L’ouvrage principal est précédé de Mes solitudes, une suite qui, comme le mentionne la poète dans un bref avant-propos, semble ici « avoir trouvé sa place », en tête donc d’Elle, Ulysse. Les deux textes se font en effet écho. L’un annonce, l’autre développe. Dès la première page de Mes solitudes, comme déjà inscrite dans le retour d’Elle, Ulysse, la poète écrit : « Quoi qu’il arrive l’enfant se tient toujours là debout douloureuse. » Cet enfant est celle qu’on retrouvera dans la seconde partie du livre. Elle est « [d]es décennies plus tard inconsolable celle que (la poète) traîne de livre en livre. » De fait, on tourne la page et l’enfant dans le second poème en prose est toujours là. Or la fillette n’est pas seule. Sa mère est aussi présente. Pénélope sera son nom dans la seconde partie (Elle, Ulysse). Sa mère, « s’infiltrant par tous les pores s’emparant goulûment de chaque parcelle du corps de son orpheline fille […]. Puis l’avalant. »

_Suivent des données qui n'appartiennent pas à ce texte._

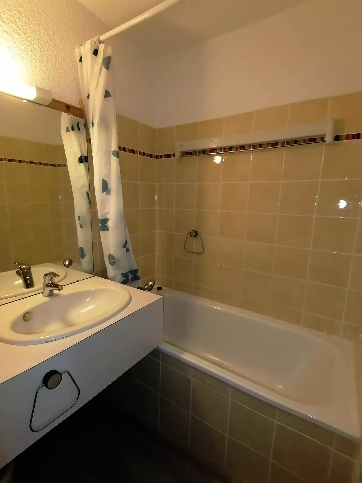 La salle de bain se compose d'un lavabo et d'une baignoire. WC séparés.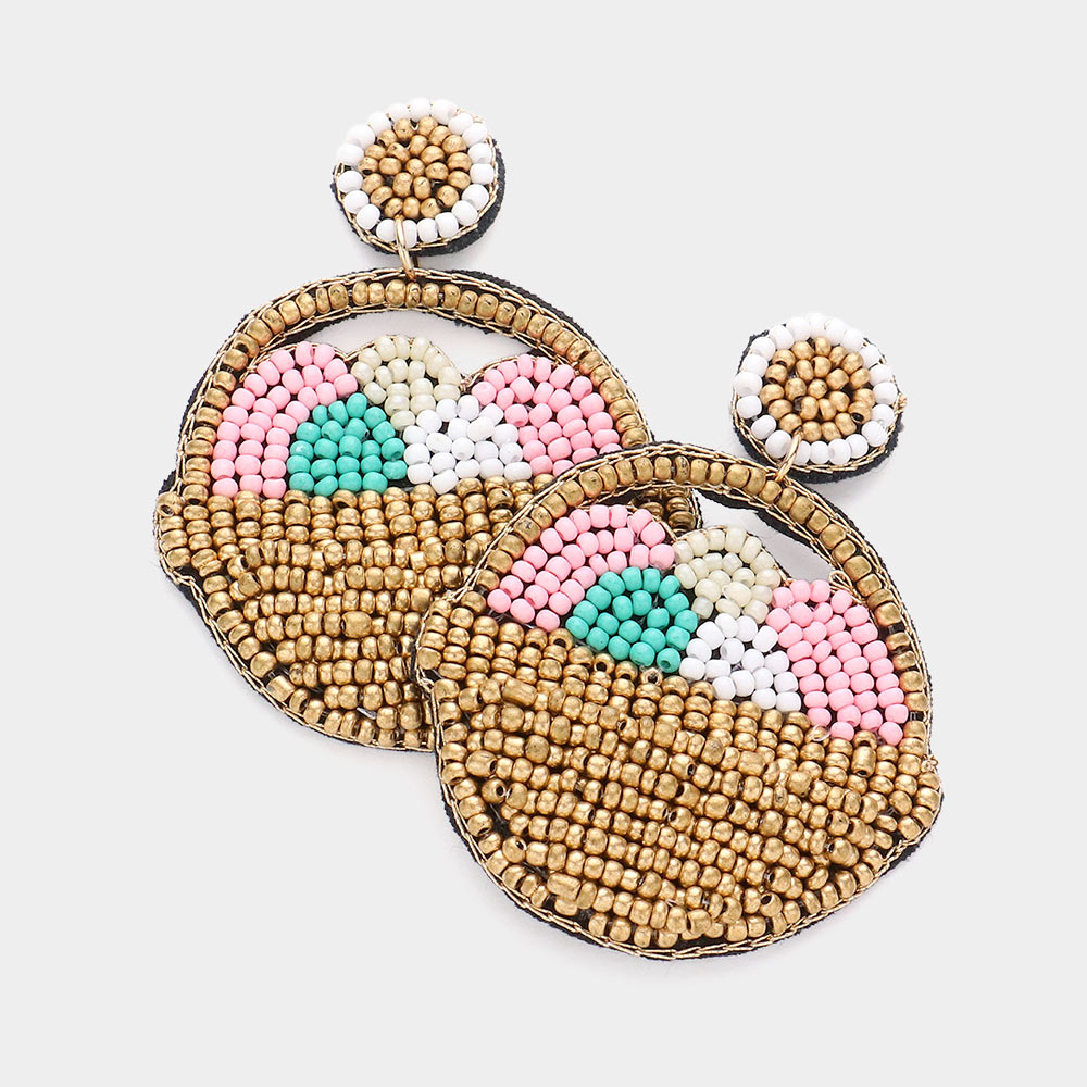 Felt Back Seed Beaded Easter Egg Basket Dangle Earrings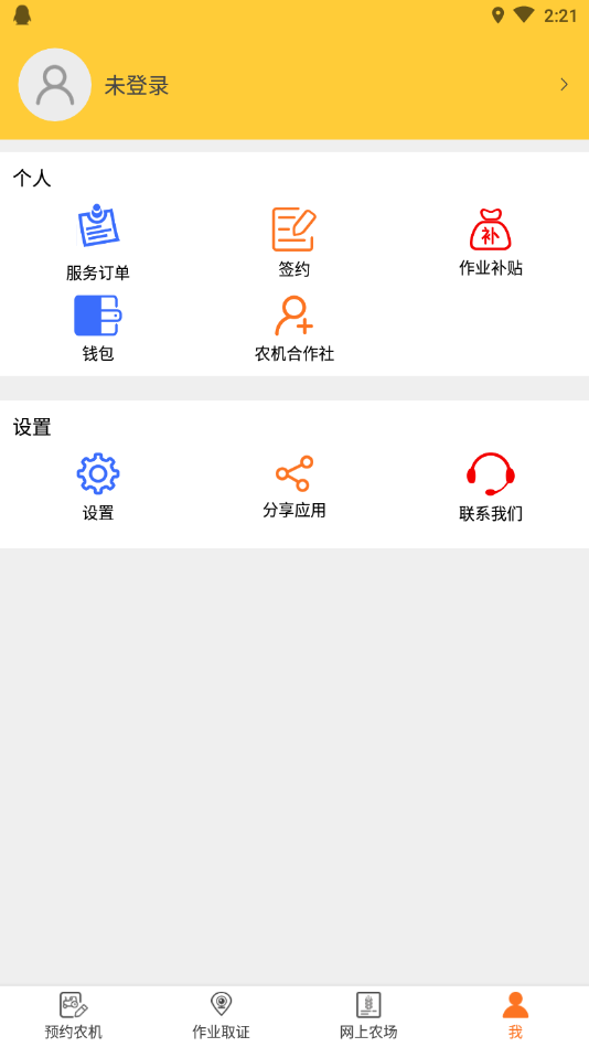 个人中心是用户管理各项业务的核心区域。在这里,用户可以查看和管理所有服务订单,包括农机租赁、维修等各类服务。签约功能让用户能与农机合作社或其他农户建立长期合作关系。作业补贴申请通道方便用户随时提交材料并查询进度。钱包功能支持资金管理和交易记录查询,而农机合作社板块则提供合作社信息查询和加入申请服务,帮助用户更好地参与农机共享。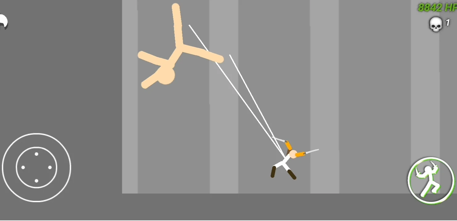 1. 在本站下载安装该游戏的最新版本,打开进入游戏,左边的箭头是控制方向的,右边的分别是跳跃和攻击,跳跃时能像蜘蛛侠一样弹射出绳子。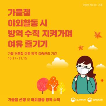 [한국4차산업신문] 가을 단풍철 야외활동 증가로 인한 코로나19 확산 차단하기 위해 10월 17일(토)~11월 15일(일)까지 방역 집중관리 기간을 지정한다.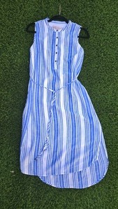 Vestido de mujer Philosophy de lino con cinturón rayas azules y blancas pequeño solero

La difficile relation mère-fille fait l’objet des deux « récits ». Je parle de récits. Ai-je raison d’utiliser ce terme ? Oui et non. Oui, parce que la poète raconte une histoire. Non, parce qu’elle fait plus que simplement raconter ou en tout cas, elle le fait sur un mode qui bouscule les catégories des genres littéraires. Nous avons affaire ici à du texte, du texte poétique certes, où la fiction occupe une certaine part (selon ce que lecteurs et lectrices viendront suppléer en imagination ou par le prolongement de leur interprétation), fiction ne serait-ce qu’en vertu du traitement poétique, de ses processus de métaphorisation. Mais davantage que de fiction, il faudrait parler de la lecture analytique qu’entreprend ici la poète en revenant sur ses traces, en remontant le fil de ses voyageries. Voici Denise Desautels métamorphosée en Ulysse, voire en Thésée. La poète parcourt le long dédale de son existence. La poésie sera son fil d’Ariane. Sa mère sera le Minotaure. Mais en traversant ainsi sa propre histoire, il ne s’agira pas pour la poète de tuer, sinon symboliquement, le monstre qui depuis l’enfance a noué son cœur d’ « orpheline » (une autre Orphée) et dont la poésie sera l’instrument non pas de guerre, mais de pacification — le retour préludant sans doute à une ultime réconciliation.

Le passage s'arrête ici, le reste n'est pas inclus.